Using ZefFX
A Declarative Approach
Instead of performing side-effectful operations eagerly, the Zef's managed effects system (ZefFX) allow you to declare what you would do.
It allows separating the intent from the execution.
This may take a bit of getting used to, but is an extremely useful tool to make your code more testable and decoupled: it allows you to write a much larger part of your business logic code as pure functions, which returns data structures describing what effectful operations on the outside world should be performed. These data strictures describing the intent are called "wishes" in Zef.
Wishes
They are pure data.

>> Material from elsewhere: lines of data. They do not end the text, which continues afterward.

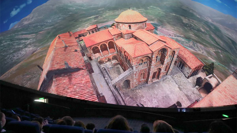 Η νέα διαδραστική παραγωγή του ΙΜΕ προβάλλεται στη «Θόλο» του Κέντρου Πολιτισμού «Ελληνικός Κόσμος». Η ψηφιακή του αναπαράσταση βασίζεται σε στοιχεία επιστημονικής έρευνας που αποτυπώνονται με σαφή και τεκμηριωμένο τρόπο. Αποτελεί μέρος του έργου «Ανάπτυξη Τρισδιάστατων Παραγωγών» για την Ιερά Μονή του Οσίου Λουκά στη Βοιωτία της πράξης «Ψηφιοποίηση Ιερών Κειμηλίων Ενοριακών Ναών», με αναθέτουσα αρχή το Ίδρυμα Ποιμαντικής Επιμορφώσεως της Ιεράς Αρχιεπισκοπής Αθηνών και ανάδοχο έργου το ΙΜΕ.
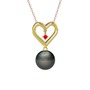 Siyah inci ve garnet 925 ayar altın kaplama gümüş kolye (40 cm rose altın rolo zincir)
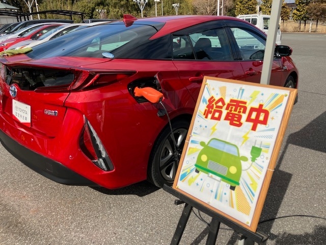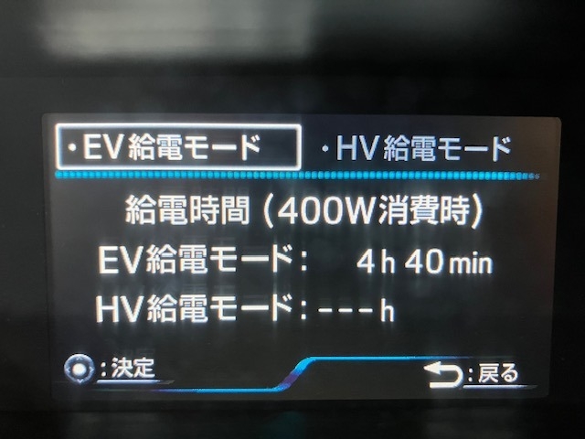 まずは、今回使用するプリウスPHEVを安全な場所に停めてエンジンは停止、AC外部給電モ-ドのEVモ-ド※に設定します
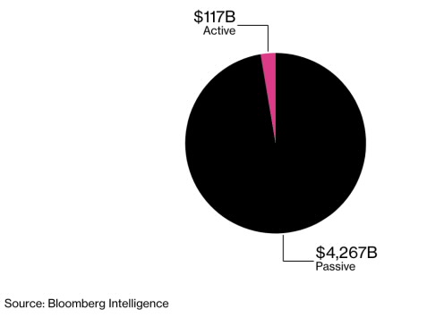 一直以来,美国主动基金指数比例一直无法超越被动基金指数。由于他们的投资组合通常更集中于管理层认为可能跑赢大盘的证券,因此管理费用高昂,而且参与者以机构投资者为主。在4万亿美元的ETF行业中,美国主动管理ETF总数量有大约400只,所占的份额不到3%。
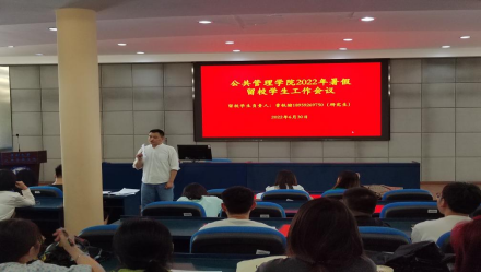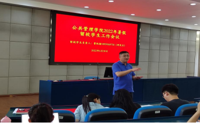 为做好暑期留校学生的管理与服务工作,6月30日上午10点,我院在公管楼404召开了2022年暑假留校学生工作会议。学院党委副书记耿贵斌,学工办主任徐立坤、本科生辅导员梁慧以及全体暑期留校学生参会。会议由梁慧老师主持。
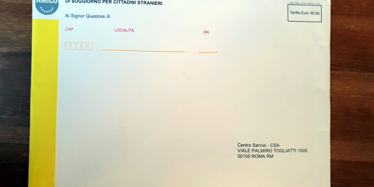 Dirija-se a uma agência dos Correios na Itália, conhecida como Poste Italiane, que ofereça o serviço do “Sportello Amico” (Guichê Amigo). Lá, solicite um Kit Giallo (Kit Amarelo), que é um envelope contendo formulários necessários para a solicitação do Permesso di Soggiorno. O kit incluirá:
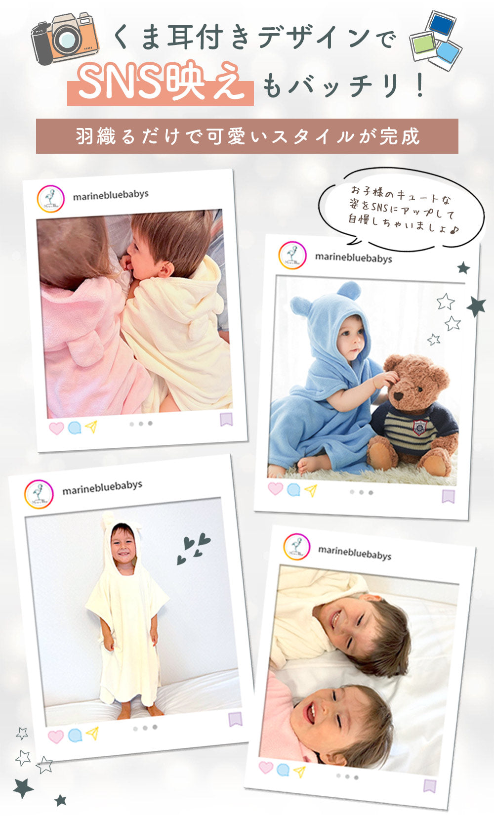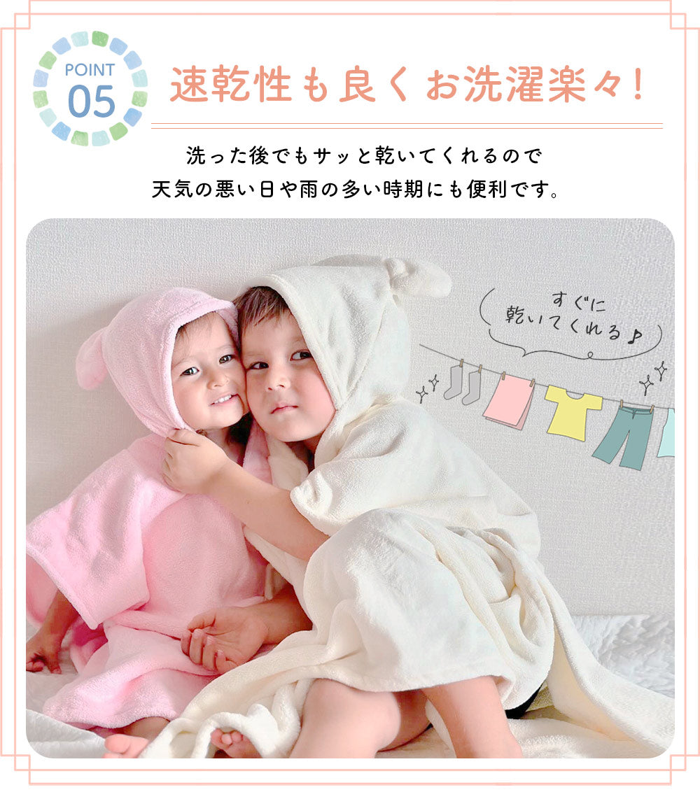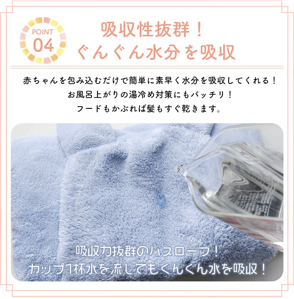・何かとバタバタするお風呂の時間でもこれ一枚あればお子様の湯冷めの心配はありません。

In fact they are just simple Python dictionaries that know which type of wish they are and contain all data that is required for the execution of the effect by the effect system.
Basic Example
Let's look at a wish to express the intent of copying text to the clipboard
my_wish = {
'type': FX.Clipboard.CopyTo,
'value': 'hello world'
}
where FX.Clipboard.CopyTo
is a literal value.
Execution
To actually execute the effect, we can use the function called execute
. It takes a wish and attempts to execute it in a controlled environment using the effect handler associated with that specific type of effect.
run(my_wish)
Since this is an impure operation, this is wrapped in run
(see ...)
Shorthand Notation
Instead of writing out the dictionary as above, one can also use the shorthand notation
my_wish = FX.Clipboard.CopyTo(value='hello world')
The effect type itself can be seen to act as the constructor. The expression evaluates to the same dictionary as above.
This notation has the following advantages:
- it is shorter
- Fail early: if specified by the effect module, a verification check is performed at the point of construction. If parameters are invalid or missing, an informative error is returned at this point. This prevents the error occurring further downstream when execution is attempted.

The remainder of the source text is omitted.